Earle Sittambalam heads a large medical group practice not far
from New Britain Hospital. He's also incoming president of the
local county medical society.
EARLE
SITTAMBALAM: The cost to maintain our employees have gone up,
our health care benefits have gone up by 15 percent, our malpractice
went up by 50 percent. So our overhead is so high, we cannot survive
with Medicare cuts.
SUSAN
DENTZER: As chair of the House Ways and Means subcommittee on
health, Johnson helped to pass a bill last year that gave doctors,
hospitals and other health care providers some payment relief.

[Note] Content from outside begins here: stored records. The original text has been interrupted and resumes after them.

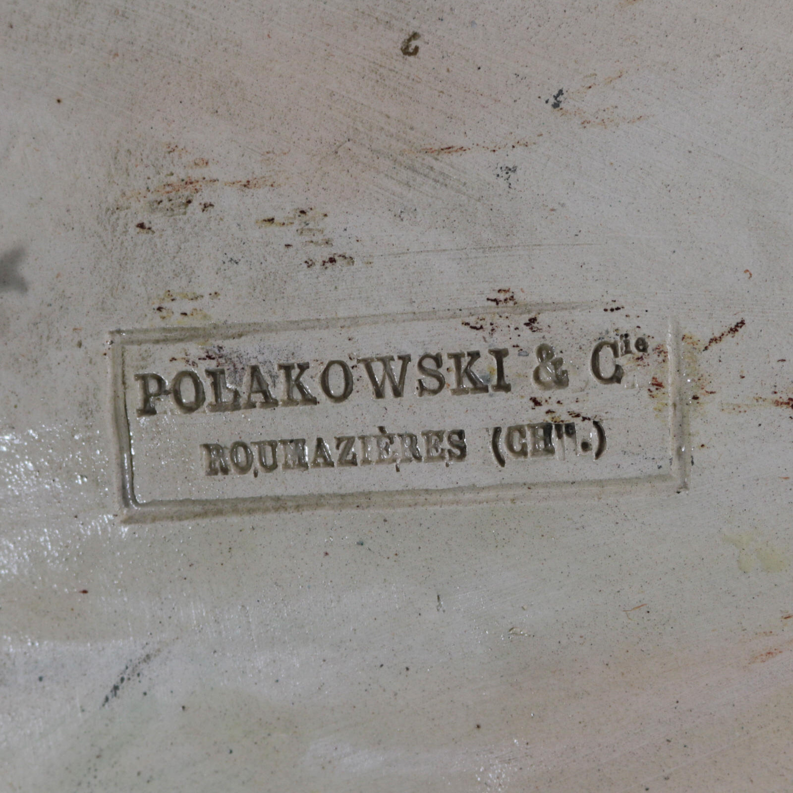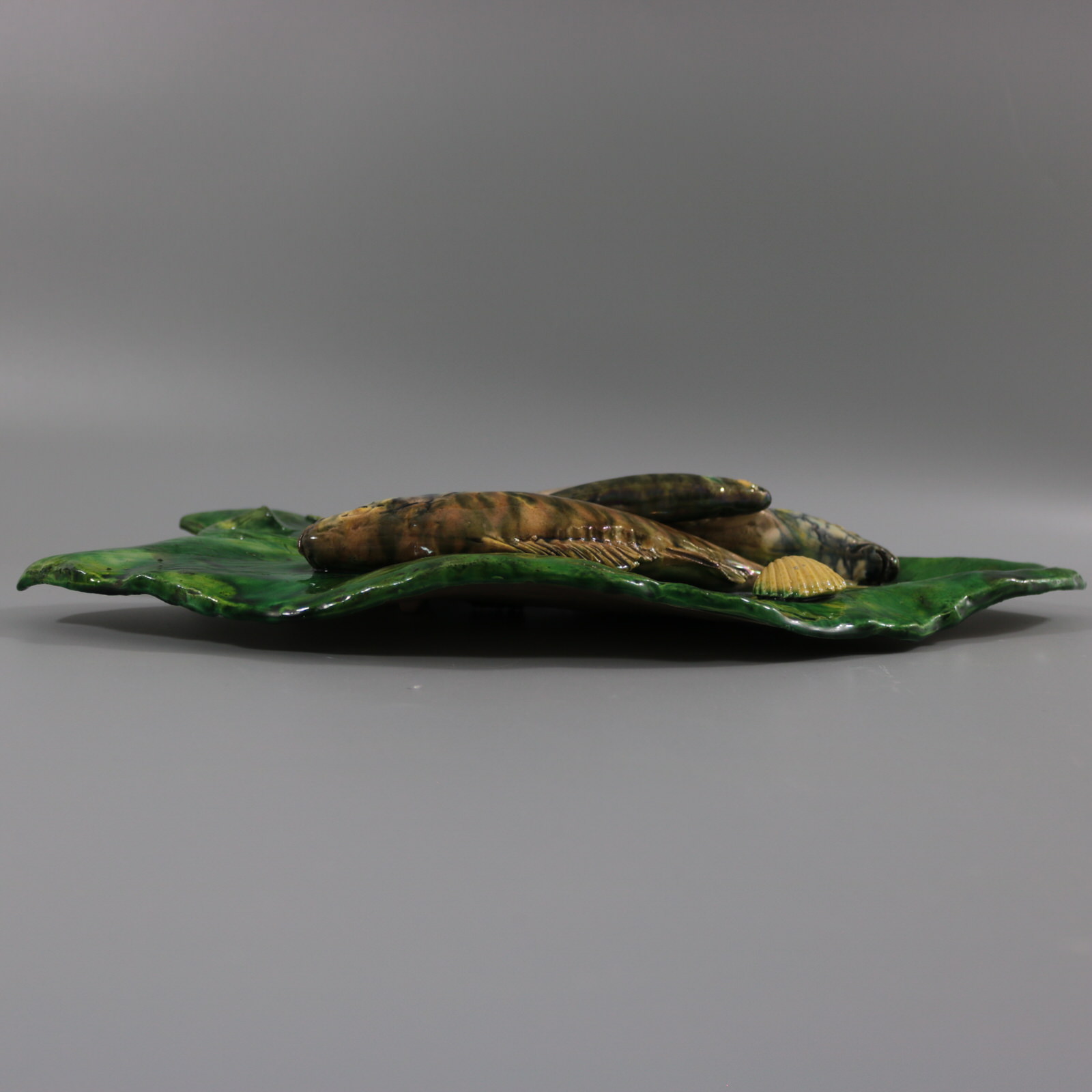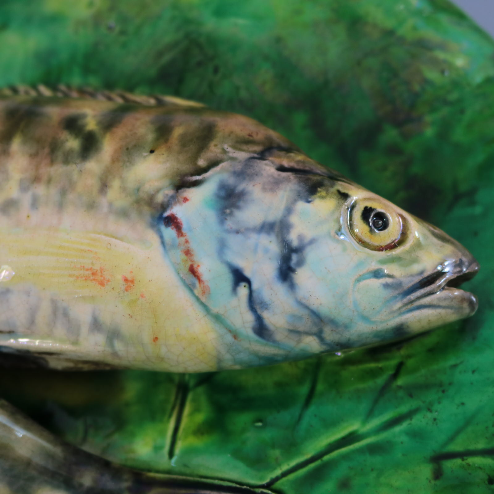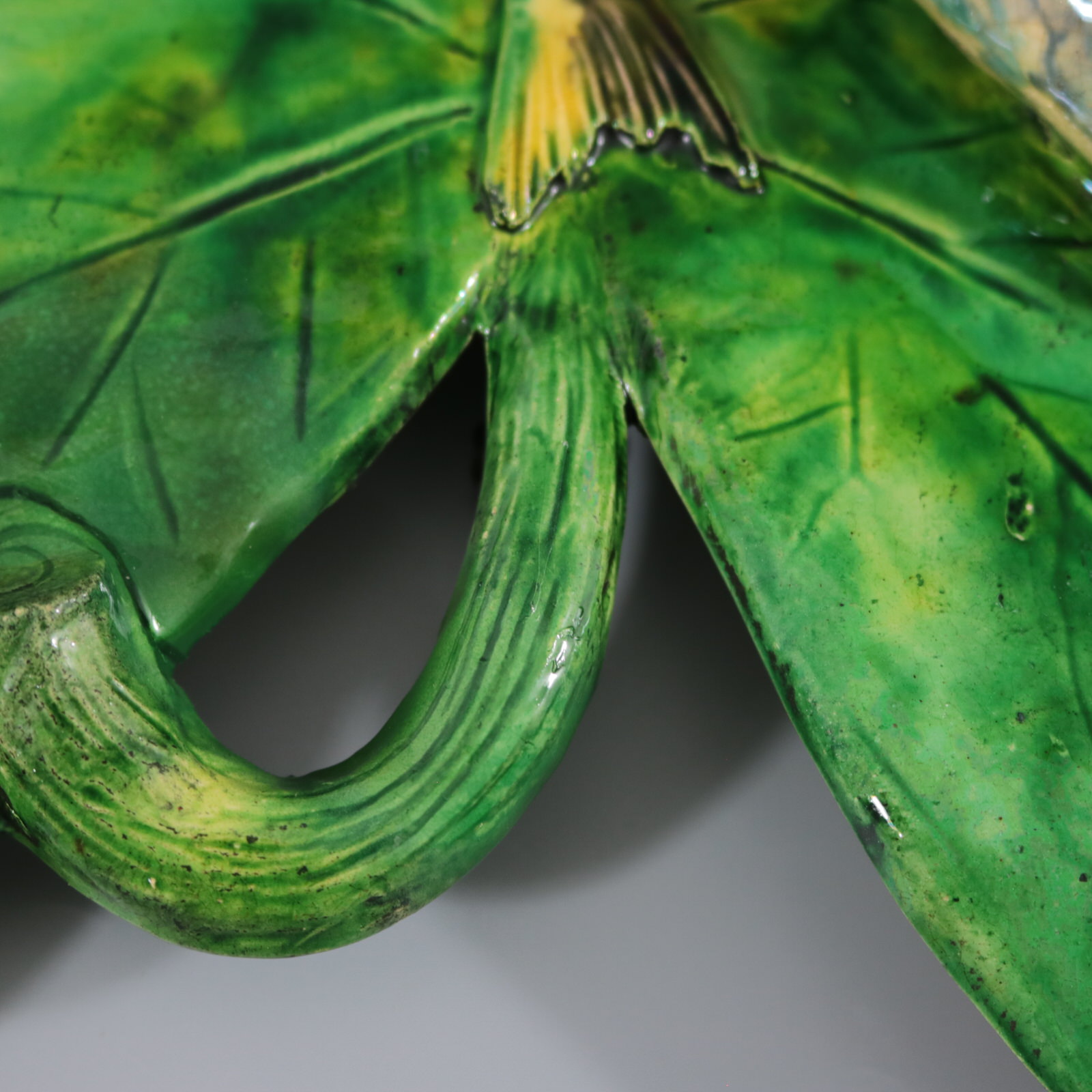 patches of stray coloured glaze to the leaf.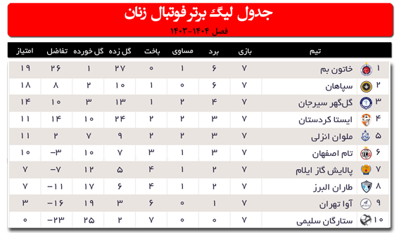 هفته هفتم لیگ برتر فوتبال زنان+جدول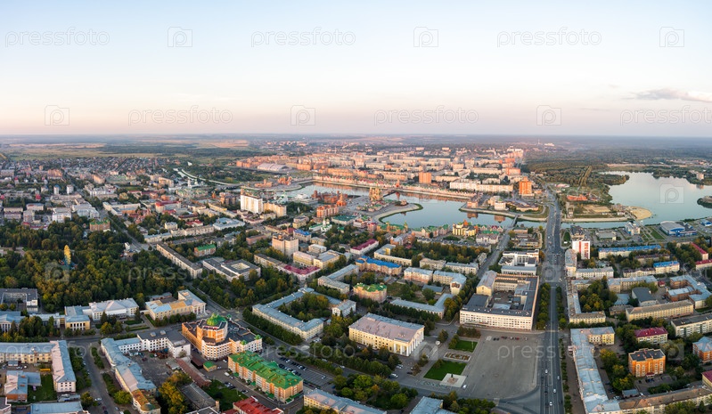 Йошкар-Ола, Россия. Панорама центра города во время заката. С высоты птичьего полета

But the Senate never acted, so Johnson vows to lead the fight
again this year.
But
the drive by providers and many lawmakers to hike payments faces
obstacles. Those include the growing federal budget deficit, as
well as President Bush's proposed tax cut. Another is the likely
effort to expand Medicare's coverage of prescription drug -- a
step that Congress has debated off and on for most of the past
decade.
In
the coming days, President Bush is expected to send Congress his
own broad plan to reform Medicare. It's likely to include more
generous and expensive prescription drug coverage than the president
has previously backed -- as well as a far greater emphasis on
providing those drugs and other Medicare benefits through private
health insurance plans.
As
much as some lawmakers like Breaux applaud Bush's efforts to reform
Medicare, they still wonder how the president plans to make it
all add up.
JOHN
BREAUX: If we're going to spend $640 billion on a tax cut, where
is the money going to come from for Medicare reform with prescription
drugs? How are we going to finance the war in Iraq if it should
come to that? I mean, we're spending dollars that we don't know
what the other demands are going to be coming down the road in
this Congress.
SUSAN
DENTZER: But Johnson and many other Republicans contend there's
room for all of it -- priver relief, a large tax cut and a drug
benefit.
NANCY
JOHNSON: We can't let the rather temporary difficulties that we're
having, in terms of economic growth, we can't let that dissuade
us from prescription drugs for seniors. And if we put a growth
package in place, we ought to be able to increase the level of
economic activity in America, and therefore the total resources
that come into the federal government.
SUSAN
DENTZER: And much of the work of this congress will be figuring
out how to keep the health-care system healthy in the meantime.